§ Assigned task
An exact copy is needed of the lines in the entries below from the line with "Sleeve Football Jersey" up to and including the line with "- All-over, one-sided", and of nothing else. Leave the pictures out.

§ Data for review
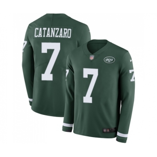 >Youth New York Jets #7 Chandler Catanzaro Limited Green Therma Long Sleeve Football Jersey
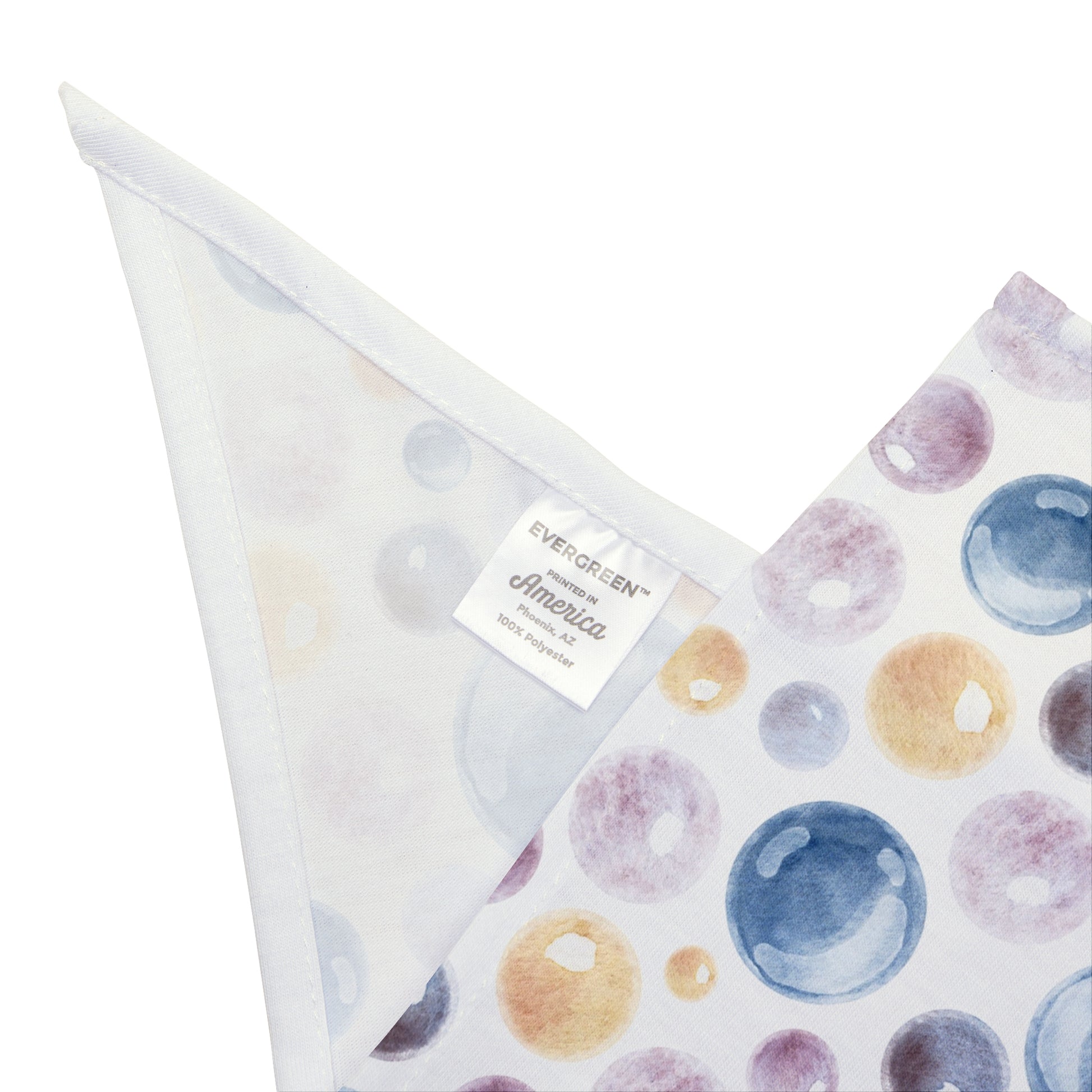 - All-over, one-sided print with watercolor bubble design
--
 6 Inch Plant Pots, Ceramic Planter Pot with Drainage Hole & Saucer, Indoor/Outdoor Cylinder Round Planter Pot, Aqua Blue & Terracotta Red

§ Your response
 >Youth New York Jets #7 Chandler Catanzaro Limited Green Therma Long Sleeve Football Jersey
 - All-over, one-sided print with watercolor bubble design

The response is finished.